─── Data for processing
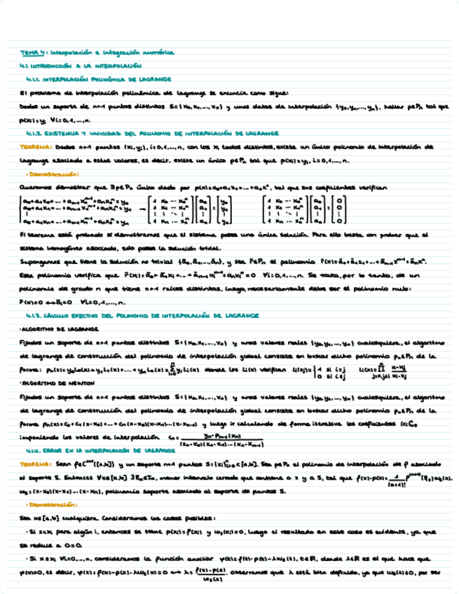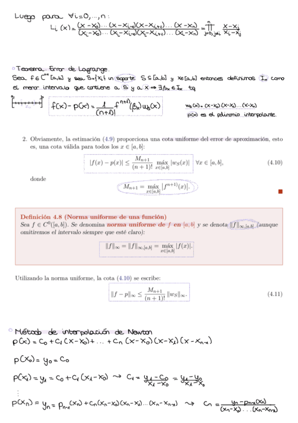 Resumen Tema 4 de Cálculo Numérico
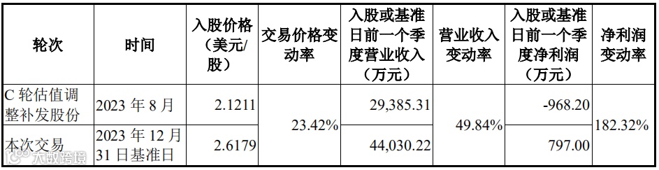 本次交易价格较调整后的 C 轮融资价格上涨了 23.42%,较 C 轮调整前上涨了 8.62%。
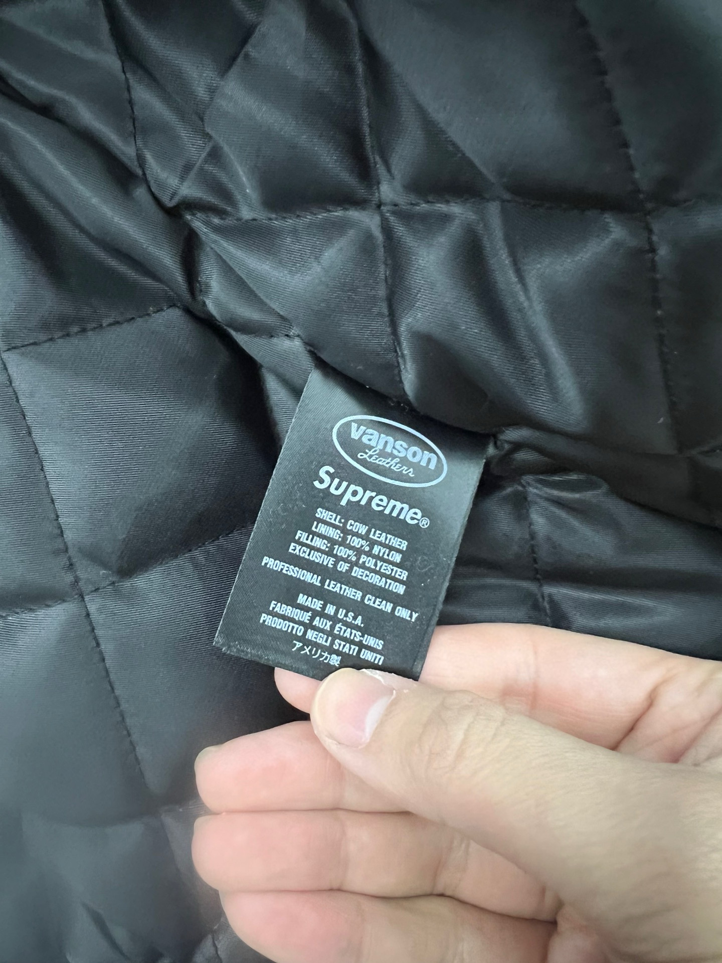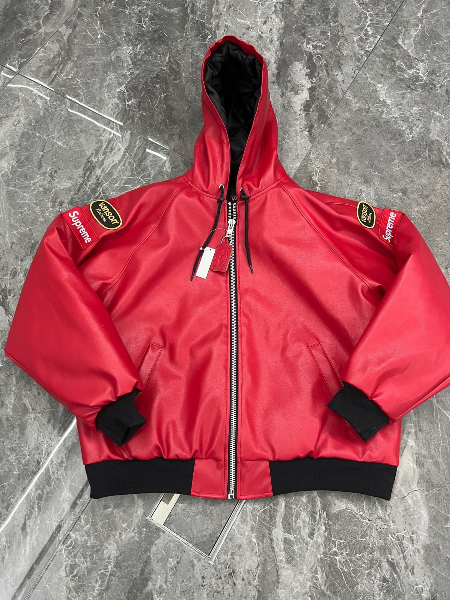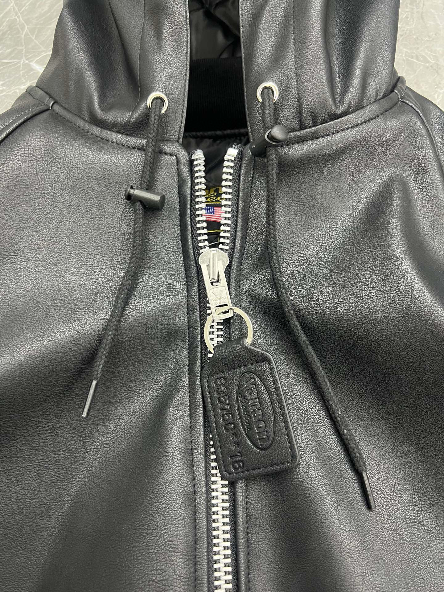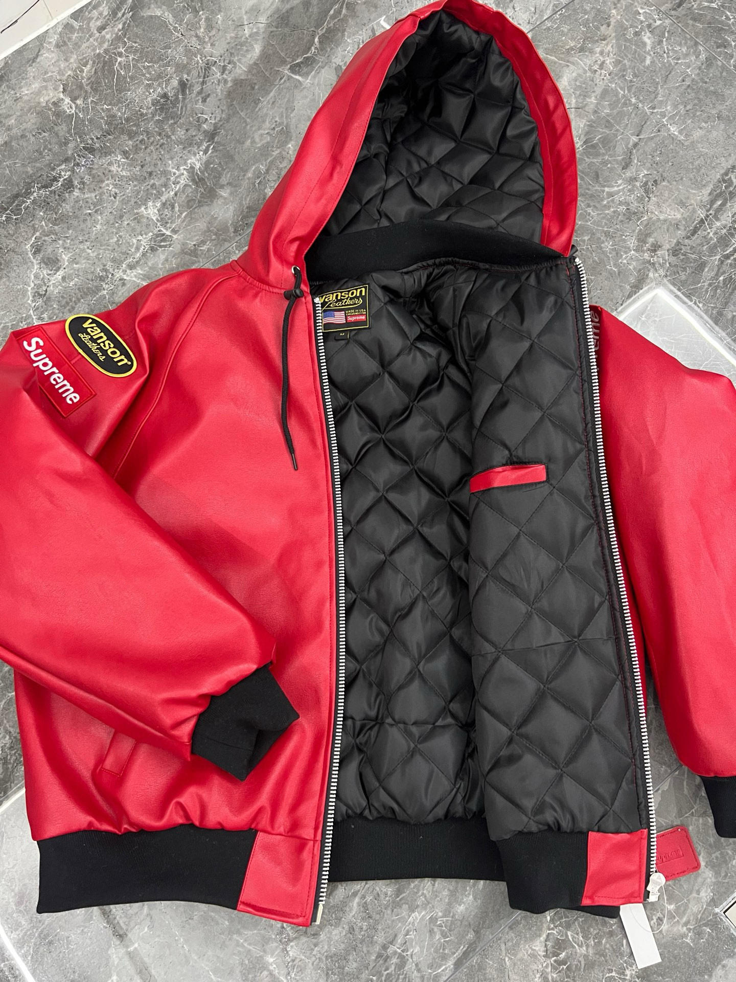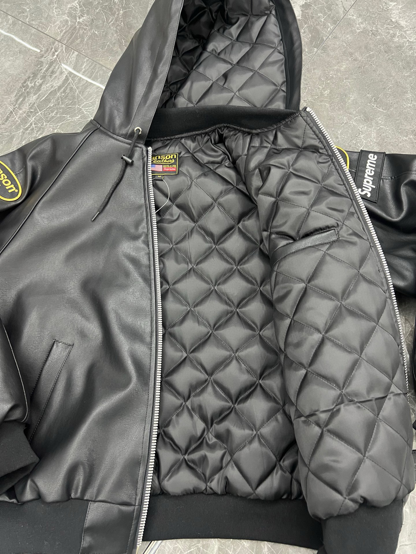 NIGO Supreme x Vanson Leathers Men's and Women's Spring and Fall Sleeve Logo Embroidered Patch Zipper Closure Hooded Leather Jacket #nigo75186
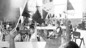 9月3日上午,商水县邓城镇张堂留守儿童学校的孩子们集体观看阅兵式电视直播,接受爱国主义教育。 晚报记者 马治卫 摄
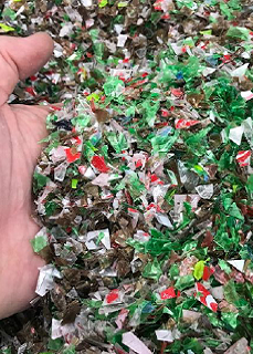 It led to the idea of giving use to this often landfilled type of plastic, shunned by many recyclers (especially coloured PET bottles) at the same time as wooden fruit pallets are climbing in price in the Western Cape. Now they remove 400 tonnes of plastic from the waste stream every month (right: plastic flakes to be turned into a pallet).
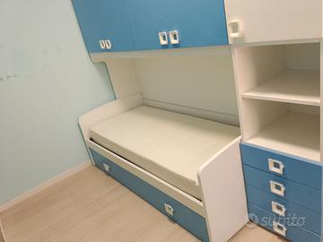 Vendo cameretta a ponte bianco/azzurra 5 ante, due ripiani e 4 cassetti con letto singolo più rete secondo letto estraibile (materasso con fodera in cachemire lavabile se richiesta) + scrivania colori abbinati + sedia ergonomica
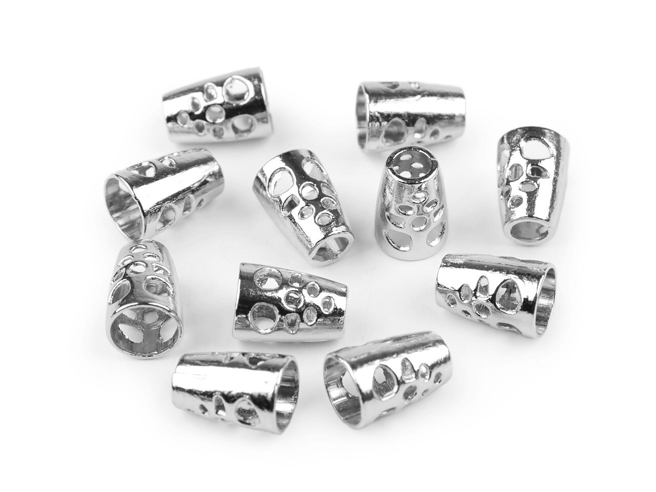 Kovová koncovka s dírkovým ornamentem ozdobí šňůrky na mikině, bundě, kabátku i plavkách. Je vhodná také na kabelky a boty. Šňůrku provléknete koncovkou a zakončíte uzlíkem.Koncovka je vhodná pro šňůrky s průměrem do 5 mm.
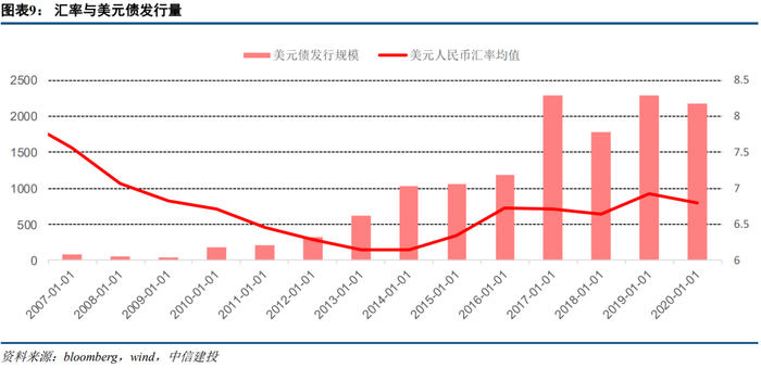 当企业发行外债的资金流入境内使用时,发行人不仅需要支付票息,还要面临汇率波动带来的汇兑损益。当人民币处于升值周期时,企业偿付外债的压力减轻,因此发行美元债的意愿会加强,例如2015年之前虽然直接发行美元债困难,但2010-2013年人民币处于升值周期,境内外存在套利空间,发行人通过间接发行(维好协议、跨境担保)和红筹结构的方式绕道,促进了美元债市场的蓬勃发展,发行规模从2007-2009年的年均86.15亿美元大幅增长至2013年的620.67亿美元。而当人民币处于贬值周期时,企业考虑到美元负债的财务成本等因素,发行主体的发债意愿有所减弱,例如人民币贬值的2014-2016年和2018年。
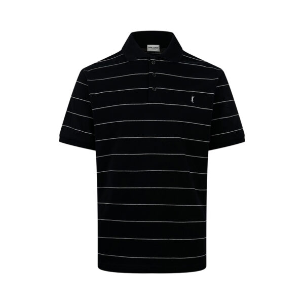 생로랑의 스트라이프 폴로 셔츠입니다. 깔끔한 디자인으로 다양한 착장에 활용하기 좋습니다.
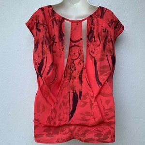 Charlotte Russe Women's Blouse Size Medium Peach/Black Round Neck Sleeveless
──────
What needs to be done
Nothing but an exact transcription of the material, without pictures, should be returned.

Response
 Resumen Tema 4 de Cálculo Numérico
 本次交易价格较调整后的 C 轮融资价格上涨了 23.42%,较 C 轮调整前上涨了 8.62%。
 NIGO Supreme x Vanson Leathers Men's and Women's Spring and Fall Sleeve Logo Embroidered Patch Zipper Closure Hooded Leather Jacket #nigo75186
 9月3日上午,商水县邓城镇张堂留守儿童学校的孩子们集体观看阅兵式电视直播,接受爱国主义教育。 晚报记者 马治卫 摄
 It led to the idea of giving use to this often landfilled type of plastic, shunned by many recyclers (especially coloured PET bottles) at the same time as wooden fruit pallets are climbing in price in the Western Cape. Now they remove 400 tonnes of plastic from the waste stream every month (right: plastic flakes to be turned into a pallet).
 Vendo cameretta a ponte bianco/azzurra 5 ante, due ripiani e 4 cassetti con letto singolo più rete secondo letto estraibile (materasso con fodera in cachemire lavabile se richiesta) + scrivania colori abbinati + sedia ergonomica
 Kovová koncovka s dírkovým ornamentem ozdobí šňůrky na mikině, bundě, kabátku i plavkách. Je vhodná také na kabelky a boty. Šňůrku provléknete koncovkou a zakončíte uzlíkem.Koncovka je vhodná pro šňůrky s průměrem do 5 mm.
 当企业发行外债的资金流入境内使用时,发行人不仅需要支付票息,还要面临汇率波动带来的汇兑损益。当人民币处于升值周期时,企业偿付外债的压力减轻,因此发行美元债的意愿会加强,例如2015年之前虽然直接发行美元债困难,但2010-2013年人民币处于升值周期,境内外存在套利空间,发行人通过间接发行(维好协议、跨境担保)和红筹结构的方式绕道,促进了美元债市场的蓬勃发展,发行规模从2007-2009年的年均86.15亿美元大幅增长至2013年的620.67亿美元。而当人民币处于贬值周期时,企业考虑到美元负债的财务成本等因素,发行主体的发债意愿有所减弱,例如人民币贬值的2014-2016年和2018年。
 생로랑의 스트라이프 폴로 셔츠입니다. 깔끔한 디자인으로 다양한 착장에 활용하기 좋습니다.
 Charlotte Russe Women's Blouse Size Medium Peach/Black Round Neck Sleeveless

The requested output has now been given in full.